Support DaemonSet in Helm

Reposting from GitHub

This is extremely disappointing to see the Traefik team refusing to support a valid deployment strategy that was used previously to great effect. If you're going make the helm chart highly opinionated then it should only be provided along with the standard YAML as part of the install documentation

In my use case I ran Traefik 1.x in DaemonSet because, gasp, there are some people who DON'T run in the cloud. I don't have load balancers in front of my servers. Instead I provide load balancing via DNS RR. I need those hosts to all be running Traefik with 100% guarantee. The correct way to assure one and exactly one copy of a pod is running on every host is a DaemonSet. This is not my opinion, it's in the official docs. Anti-Affinity hacks are not the recommended solution, DaemonSet is. Oh and since I'm aware I can't have LetsEncrypt on multiple nodes, I run CertManager. As it was previously recommended. It's not rocket science.

It used to be easier to get all this running in Traefik 1.x, now 2.x has obscured setups behind helm charts and made it a huge effort in order to even figure out what the correct "default" configuration is, let alone customize it.

Hey, running it as daemon set in v2 works exactly the same as it used to in v1. Since this is not going to be supported in helm chart, you can relatively easily set it up manually - I've done that before.

You just need to examine the final manifests that get applied in both cases, and port v1 DaemonSet to v2. It does work. And IMO it's not a biggy.
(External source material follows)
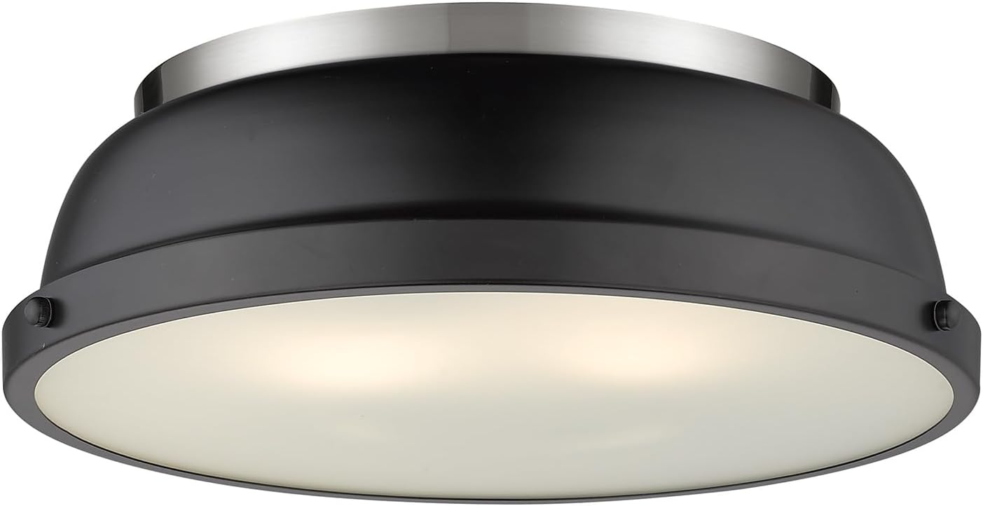 Transform the look of your room with this classic, vintage-inspired fixture, the Duncan collection is contemporary style with an industrial feel. The collection features a variety of simple, traditional silhouettes that are a nod to a bygone era. A variety of plated and painted metal shade finishes are offered in combination with durable Aged Brass, Black, Chrome or Pewter fixture bodies. This flush mount is perfect for modern or contemporary style home decors. It works perfectly in a kitchen, hallway or bath and is UL approved for damp locations.

If you need help, post what's does not seem to work and I'll have a look.

I'm working on it, dealing with RBAC issues between v1 and v2 which I may ask about if I can't figure out.

However if it works exactly the same, why reject a PR for someone who did the work to support it in the helm chart? It's clear that people want to use DaemonSet (and are using DaemonSet), enough that someone went through the effort of PR'ing a helm chart.

HA LE won't work obviously, but you are not using it. I mean that from your perspective as a user of CertManager there will be no changes.